Clean Diesel – Diesel Technology

Connecticut Awards $360K to Municipalities for New Diesel Vehicle Purchases

January 16, 2013

Connecticut’s Department of Energy and Environmental Protection (DEEP) announced grants of $360,000 to seven Connecticut municipalities that will use the funds to replace older diesel trucks with new vehicles that burn fuel cleaner and more efficiently. The pollution controls on these vehicles are expected to help Connecticut achieve its clean air goals. The funds are from a settlement of a case involving environmental violations with American Electric Power Service Corporation, Columbus, Ohio and are required to be used to reduce diesel emissions in heavy traffic areas in environmental justice communities, according to a release from the State.

The seven grant recipients are:

Recipient

Grant Amount

Type of Vehicle

City of Stamford

$83,466.75

Refuse Collection Vehicle

Town of Wethersfield

$50,688.50

Maintenance/Snow Plowing Truck

Borough of Naugatuck

$50,000.00

Maintenance/Snow Plowing Truck

City of Waterbury

$46,643.00

Refuse Collection/Snow Plowing Truck

Town of Plainville

$45,000.00

Maintenance/Snow Plowing Truck

Town of Enfield

$43,000.00

Maintenance/Snow Plowing Truck

City of Middletown

$41,201.75

Construction/Snow Plowing Truck

 

Environmental justice communities are neighborhoods in which residents are subjected to unusually high levels of pollution from factories, power plants, highways, or other sources. Residents of such communities receive special protection because they often lack the economic means to decrease their exposure to pollution. In Connecticut, environmental justice communities include the Connecticut Department of Economic and Community Development (DECD) list of distressed municipalities, as well as defined census block groups with 30% of their population living below 200% of the federal poverty level.
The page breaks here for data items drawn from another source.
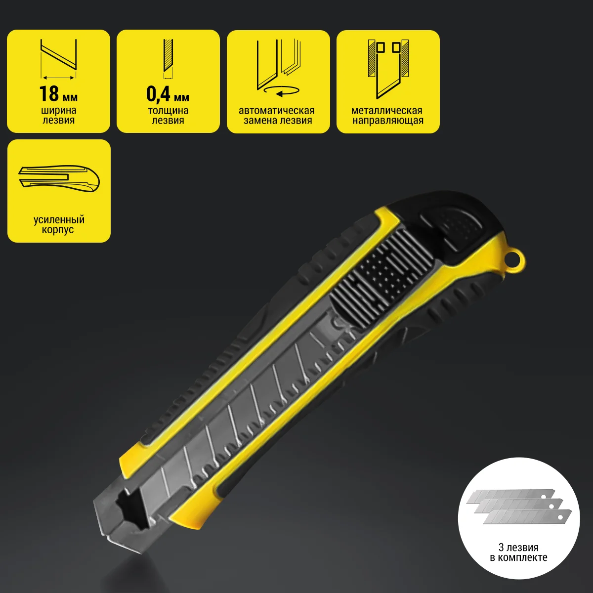 - Кнопка подачи с фиксацией лезвия
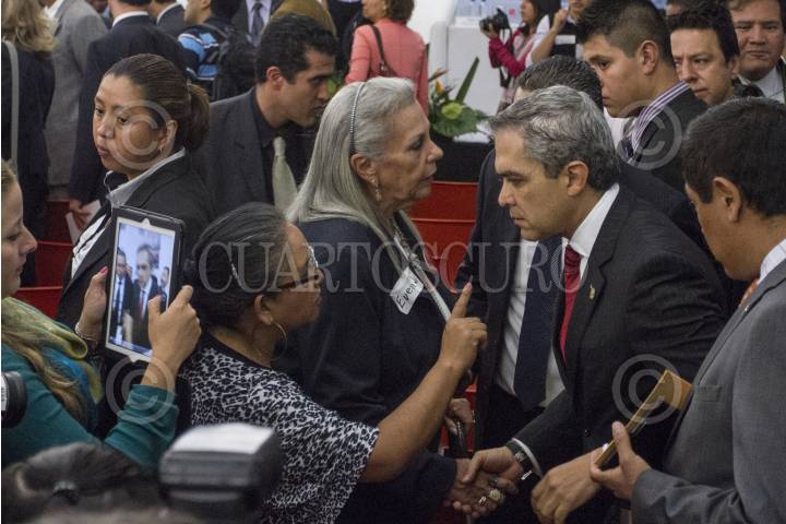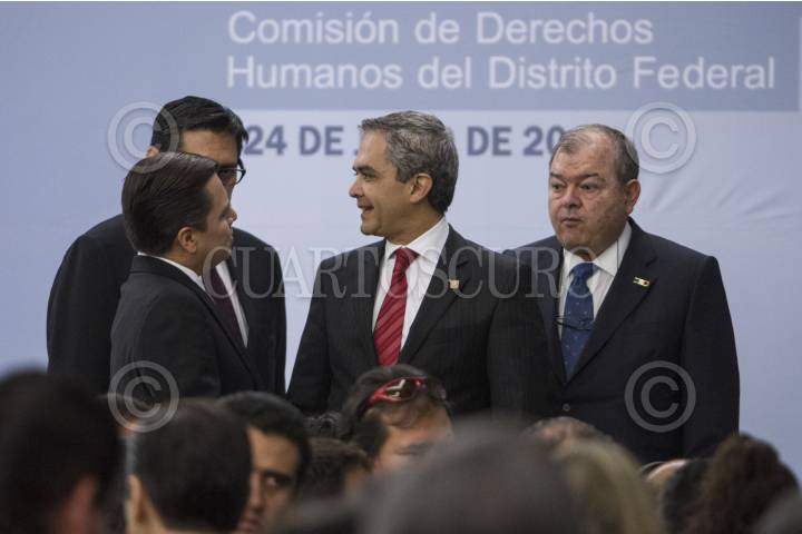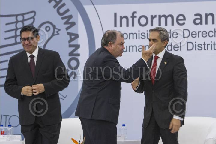 MÉXICO, D.F., 24JUNIO2013.- El asambleísta Manuel Granados, Luis González Placencia, titular de la Comisión de Derechos Humanos del Distrito Federal, Miguel Ángel Mancera, jefe de Gobierno local, y Edgar Elías Azar, presidente del Tribunal Superior de Justicia, durante la presentación del informe anual 2012 dela dependencia. En la imagen, FOTO: ISAAC ESQUIVEL /CUARTOSCURO.COM
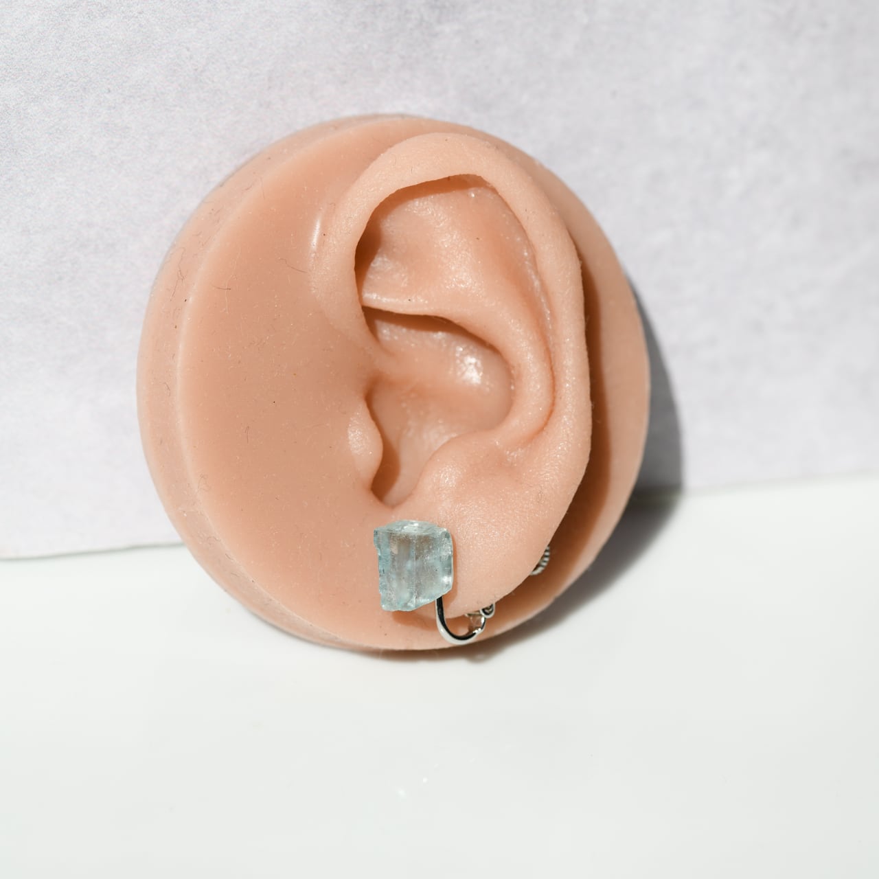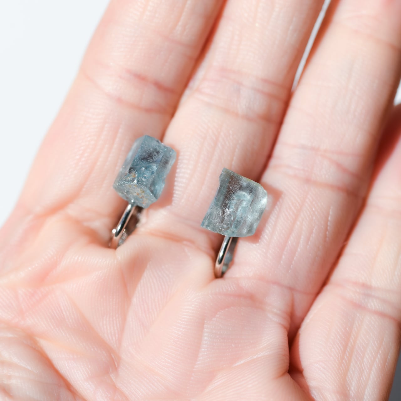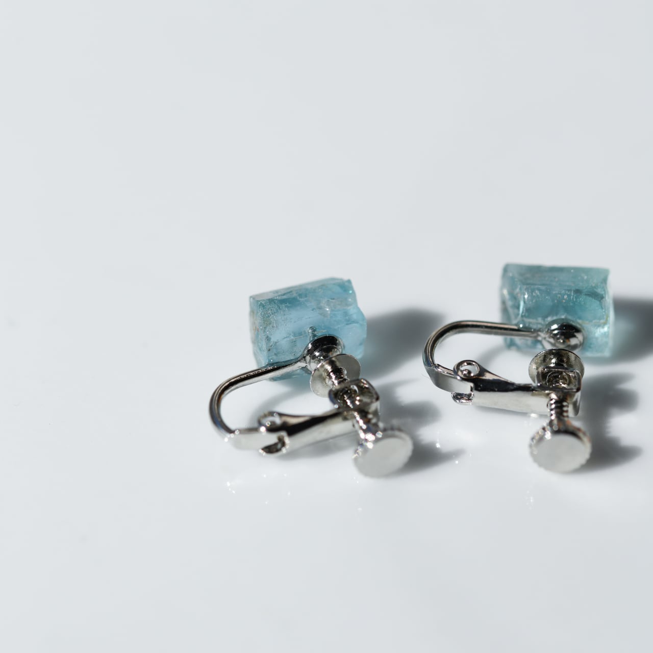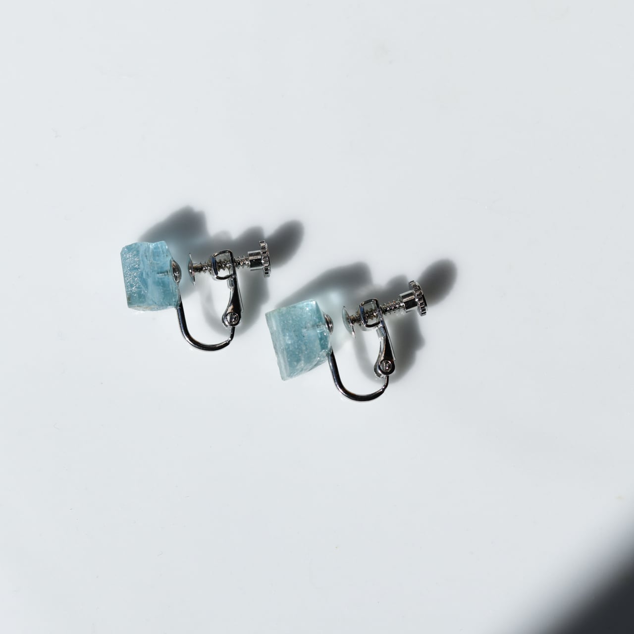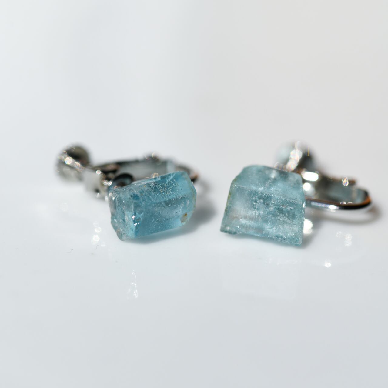 アクアマリンの原石を使用したネジバネタイプのイヤリングです。
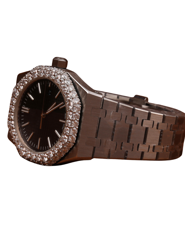 Latest Fashion Men's Luxury Mechanical Quartz Watch with White Gold Finish VVS Moissanite Diamond Smart Black Dial Case
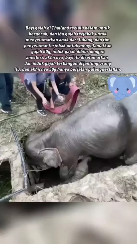 Bayi gajah di Thailand telah terjebak, gajah betina juga terjebak untuk menyelamatkannya, orang penyelamatan setelah dibius, berhasil menyelamatkan bayi gajah 50g!
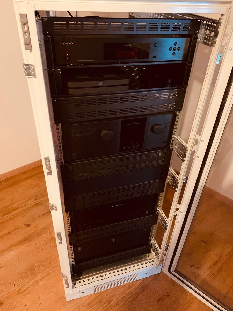 Endstufe: Anthem MCA 525 (Front + Front Wide) / Integra DTA 70.1 (Surrounds und Atmos) / Beckersounds Endstufe a250-6 Kanal (für alle Subwoofer)
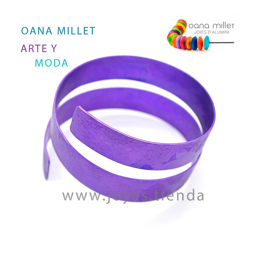Pulsera Ancha Arco Morada diseñada por Oana Millet. Pulsera artesanal hecha de aluminio de color morado. Pulsera de diseño, pulsera de moda de la mano de Oana Millet. Anchura 5 cm aproximadamente, diámetro 6 cm. Ajustable.
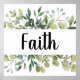 A design apresenta a palavra Faith aninhada dentro a buquê de folhas de eucalipto. Parte do Conjunto Fé/Esperança/Amor - 1 Corintianos 13:13. Faz um presente excelente!
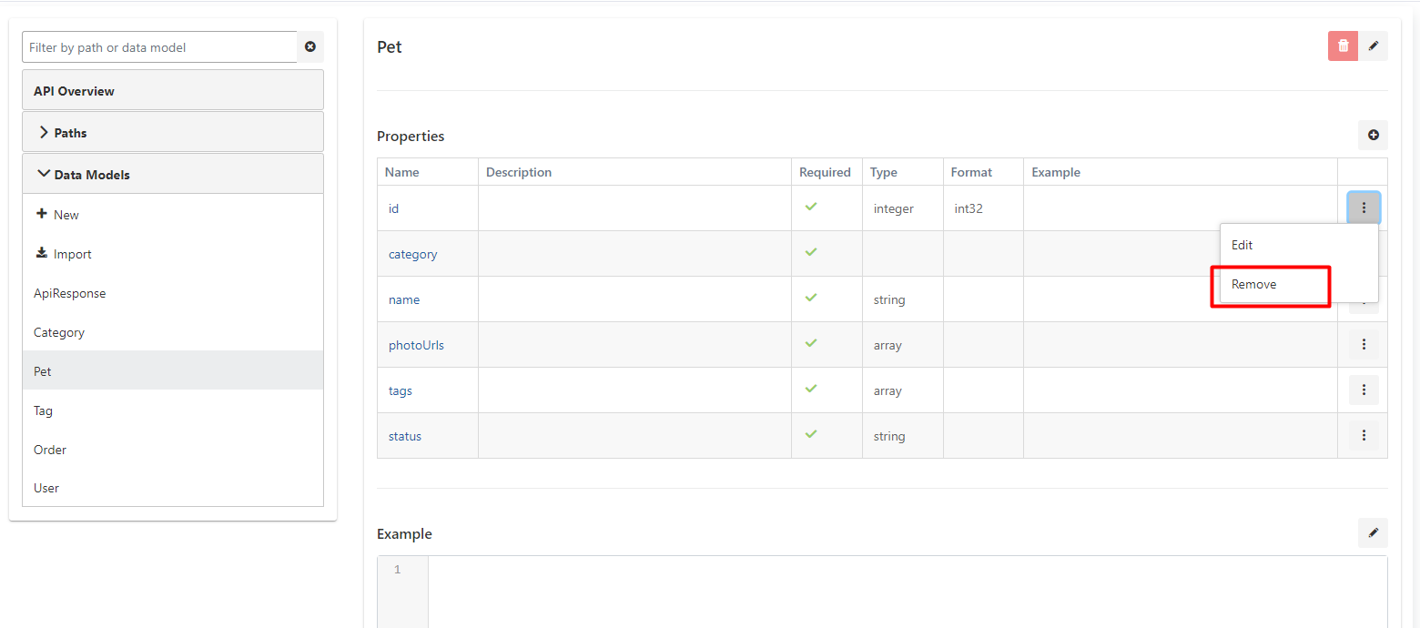 The record can be deleted by clicking the menu button in the rightmost column of the record to be deleted in the API Definition Document list and selecting Remove.
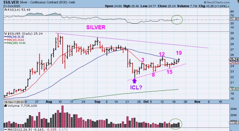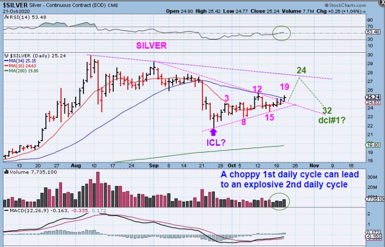 YESTERDAY I WROTE ABOUT SILVER – This looks bullish too, but it also could go either way. The problem is the sideways chop and lack of strong volume on the up days ( so far). A break above the 34sma and a new 1 monthly high would make it seem as though an ICL drop happened in September and this could be the first daily cycle as mentioned in prior reports.
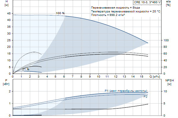 Вертикальный многоступенчатый центробежный насос с всасывающим и напорным патрубками, расположенными на одном уровне ("ин-лайн"), что обеспечивает возможность установки в горизонтальной однотрубной системе. Головная часть и основание насоса из чугуна - все остальные контактирующие с перекачиваемой жидкостью детали из нержавеющей стали. Картриджное уплотнение вала обеспечивает высокую надежность, безопасное использование и легкий доступ для обслуживания. Вращение передается через разъемную муфту. Насос оснащен синхронным 3-фазным электродвигателем на постоянных магнитах с воздушным охлаждением. КПД электродвигателя классифицируется как IE5 в соответствии со стандартом IEC 60034-30-2.
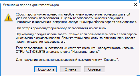 Сделайте клик правой кнопкой мышки по нужному имени пользователя и в меню нажмите на пункт «Задать пароль». Появится окошко с предупреждением (изучите, что в нем написано) и сделайте клик по кнопке «Продолжить».
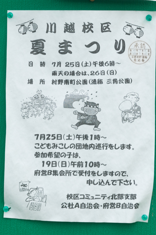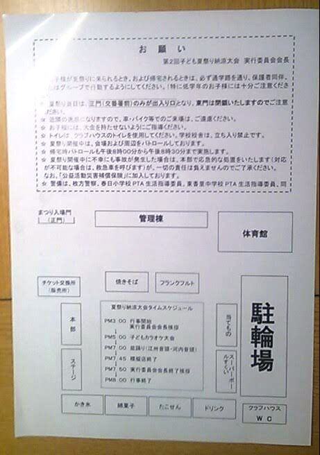 中宮団地 連合夏まつり(団地夏祭り) 第三グランド及び幼児プール周辺 →地図(中宮第三団地のどこか) →張り紙
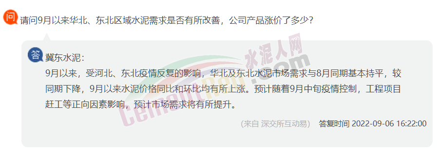 另有投資者提問,9月以來華北、東北區域水泥需求是否有所改善,公司產品漲價了多少?冀東水泥回復稱,9月以來,受河北、東北疫情反復的影響,華北及東北水泥市場需求與8月同期基本持平,較同期下降,9月以來水泥價格同比和環比均有所上漲。
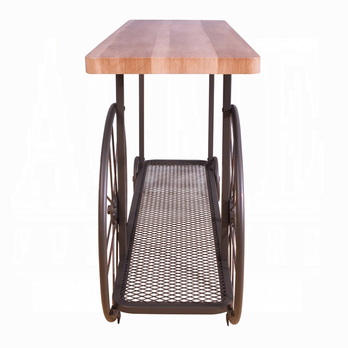 Meet the Francie Sofa Table, a compact piece designed for fans of industrial style. Its butcher block top paired with a metal mesh lower shelf brings a warm, urban vibe to any living space. The cart-inspired frame sits on wheels for easy repositioning, so you can adjust your layout with ease.

DEEP’s program for reducing diesel pollution was set out in the Connecticut Clean Diesel Plan. Initial clean diesel efforts prioritized the installation of emission controls on school buses because of health risks posed to children by diesel exhaust. A variety of funding sources were leveraged to reduce children’s exposure to fine particulate matter in diesel exhaust. With increased funding available from the federal Diesel Emission Reduction Act (DERA), DEEP has broadened the scope of its efforts by encouraging the installation of emission controls on trucks and construction equipment, replacing aging diesel trucks and engines, upgrading engines to meet current emission standards and reducing idling.